There's a little mystery about The Young Messiah that suggests to me that there were problems during production. The one-sheet poster outside the theater says The Young Messiah is based on the novel Christ the Lord: Out of Egypt by best-selling vampire story writer Anne Rice, but I saw in the credits of the movie itself no mention of Anne Rice; so I bought a copy of the paperback and found in it two notes by Rice that described several years' worth of background study of Jesus and His times as well as testimony of Rice's sincere Christian belief and a notice for the second volume of what promises to be a many-volume biography of Jesus. The credits in the movie city no historical authority whatsoever, and I would have expected the producers to have used the name of as popular a writer as Anne Rice, unless Rice herself wanted her name kept off the project.

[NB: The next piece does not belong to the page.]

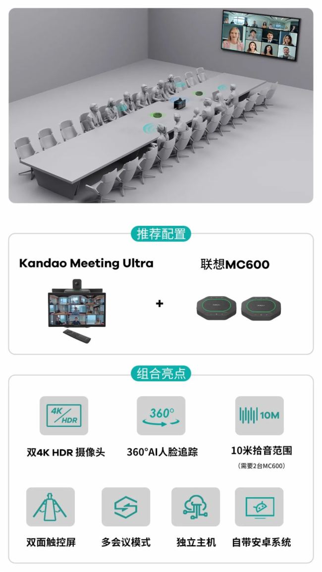 Kandao Meeting Ultra系列產(chǎn)品與聯(lián)想thinkplus全向麥的會(huì)議設(shè)備組合,不僅連接便捷、即插即用 ,而且在視頻畫(huà)質(zhì)、音質(zhì)效果、AI智能體驗(yàn)上強(qiáng)強(qiáng)聯(lián)合 ,無(wú)疑將引領(lǐng)混合會(huì)議新潮流,為現(xiàn)代企業(yè)的高效協(xié)作與溝通提供強(qiáng)有力的支持。
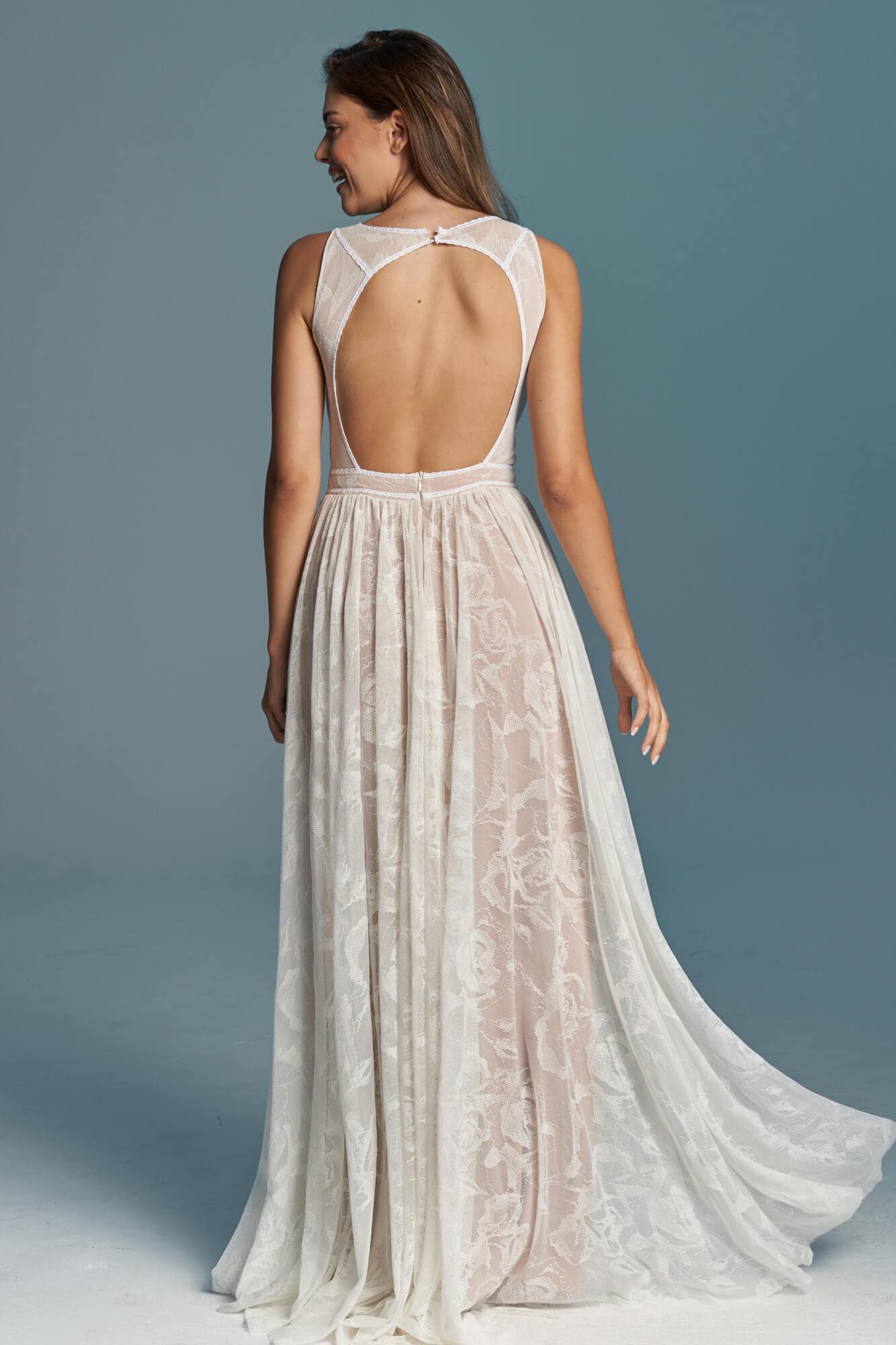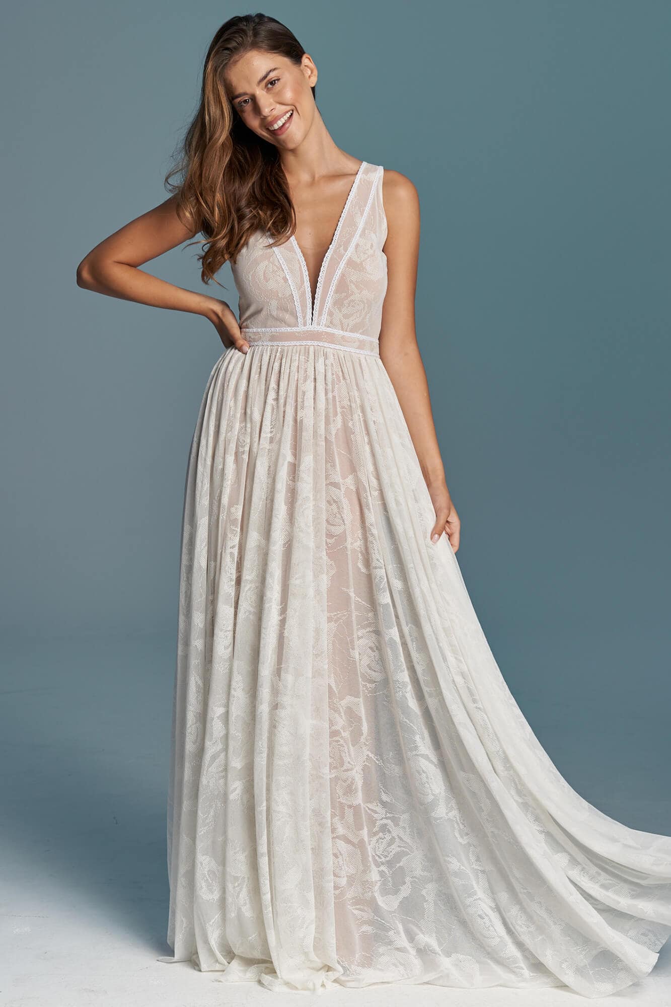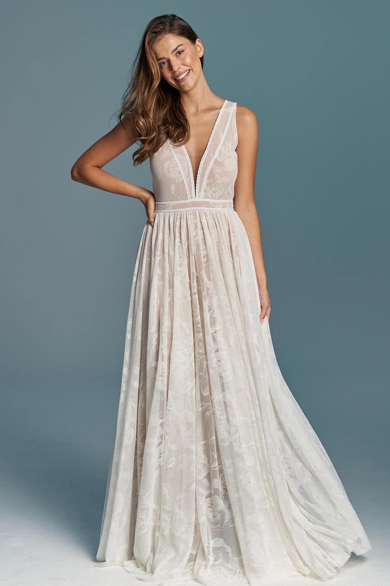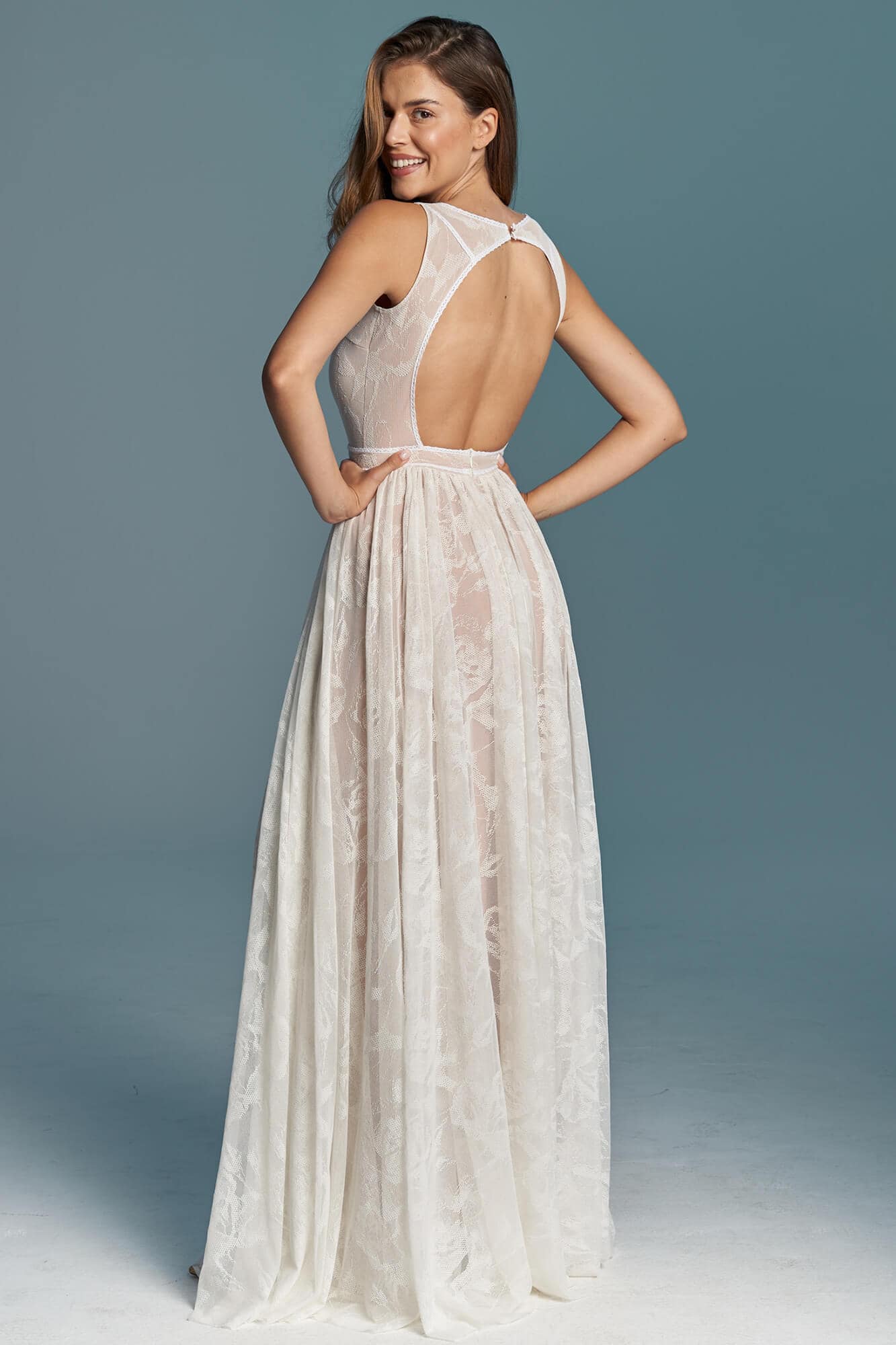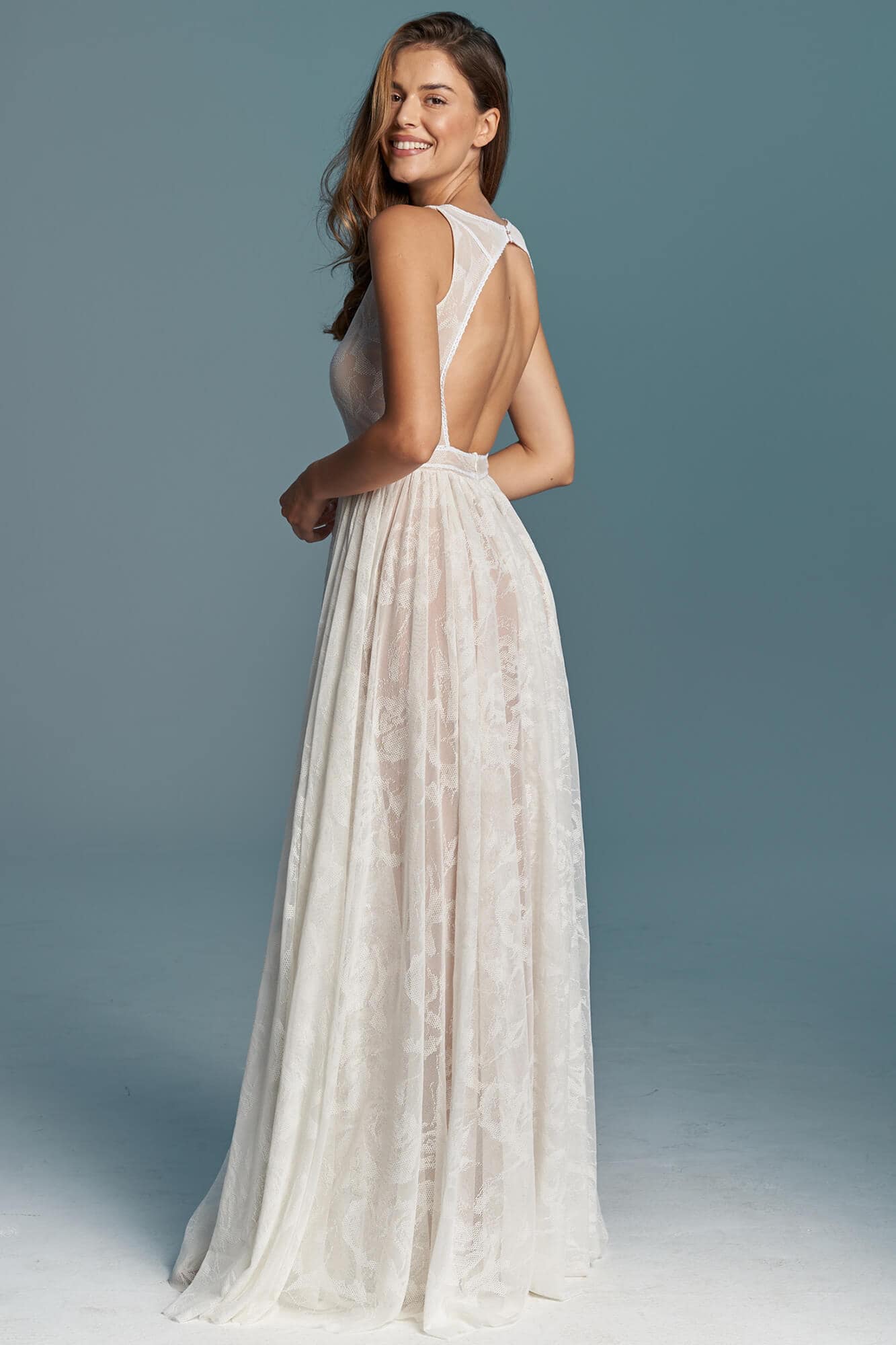 Uszyta ze sprawdzonych i przetestowanych przez nas materiałów. Używane przez nas koronki są mięciutkie, a dzięki swej lekkości cudownie układają się na sylwetce i pięknie wirują w tańcu. Ich elastyczność sprawia, że pracują z Twoim ciałem. Zapewniają komfort rosnącemu ciążowemu brzuszkowi. Praktycznie wszystkie nasze koronki są łatwe do prania w domowej pralce i niegniotące, dzięki czemu swoją suknię spokojnie możesz spakować do walizki i zabrać na romantyczną sesję poślubną.

Which she might well have wanted to do.

Jesus is played by a supposed seven-year-old who shows no acting talent to speak of and is badly cast; he is obviously not a Mediterranean type, his fair skin would surely crinkle under a desert sun, and he's so delicately pretty that I at first wondered why Christ was being played by a little girl. The novel pretends to be written by Christ in his later years, which enables Rice to reveal His thoughts to a degree the movie can't approximate, and this raises serious questions the novel at least tries to answer. Most importantly, since Jesus is already building a record for raising the dead and giving sight to the blind, why has He never been told the story of his miraculous birth?